WHAT THE EXERCISE ASKS: Starting with the line that contains "VXM公路车4爪110BCD正负齿链轮GXP3钉8钉气动功率计齿片封闭牙盘", give again exactly and only each line through the end of the records; include the last line and exclude pictures.
[Opening DATA SHOWN section]
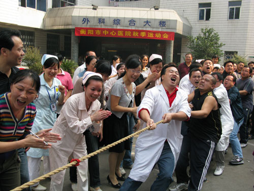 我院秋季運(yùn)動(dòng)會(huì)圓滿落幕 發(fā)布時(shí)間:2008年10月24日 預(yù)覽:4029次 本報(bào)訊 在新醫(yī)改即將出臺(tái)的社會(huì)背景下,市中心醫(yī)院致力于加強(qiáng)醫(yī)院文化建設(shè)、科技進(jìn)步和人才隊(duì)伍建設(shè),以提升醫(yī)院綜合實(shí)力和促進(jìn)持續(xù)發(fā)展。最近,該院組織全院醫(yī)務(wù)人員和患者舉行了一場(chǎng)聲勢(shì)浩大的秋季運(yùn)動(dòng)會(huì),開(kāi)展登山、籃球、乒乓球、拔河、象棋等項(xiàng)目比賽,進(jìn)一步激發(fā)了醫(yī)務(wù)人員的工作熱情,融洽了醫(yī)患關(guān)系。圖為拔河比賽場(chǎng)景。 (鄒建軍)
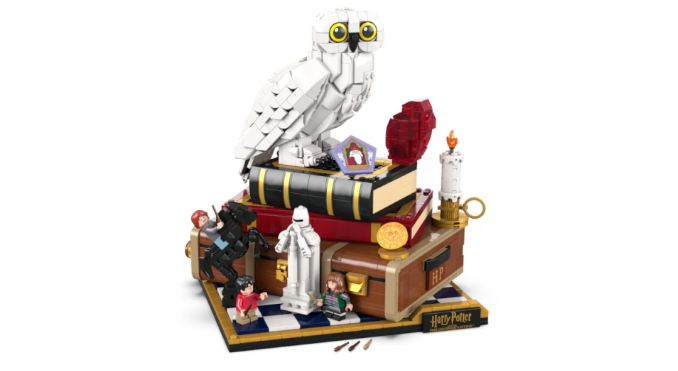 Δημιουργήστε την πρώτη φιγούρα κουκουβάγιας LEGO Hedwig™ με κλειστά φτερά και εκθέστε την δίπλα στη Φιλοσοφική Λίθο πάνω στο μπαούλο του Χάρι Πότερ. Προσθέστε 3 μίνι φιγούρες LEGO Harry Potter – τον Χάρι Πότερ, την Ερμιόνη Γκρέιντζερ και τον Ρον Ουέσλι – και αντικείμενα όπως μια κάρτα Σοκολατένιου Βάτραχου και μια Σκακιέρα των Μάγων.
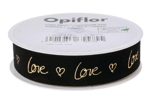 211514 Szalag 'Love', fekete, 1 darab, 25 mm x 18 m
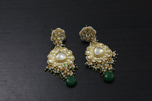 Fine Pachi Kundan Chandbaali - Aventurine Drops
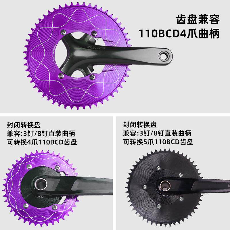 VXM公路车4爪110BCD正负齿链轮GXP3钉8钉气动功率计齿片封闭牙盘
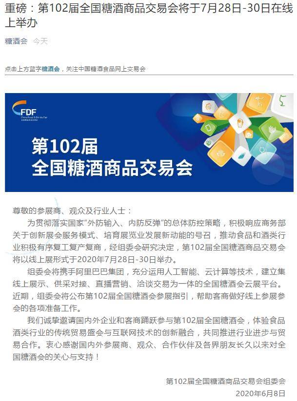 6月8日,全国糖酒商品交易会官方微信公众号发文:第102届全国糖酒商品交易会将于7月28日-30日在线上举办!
[Closing DATA SHOWN section]
TASK OUTPUT:
 VXM公路车4爪110BCD正负齿链轮GXP3钉8钉气动功率计齿片封闭牙盘
 6月8日,全国糖酒商品交易会官方微信公众号发文:第102届全国糖酒商品交易会将于7月28日-30日在线上举办!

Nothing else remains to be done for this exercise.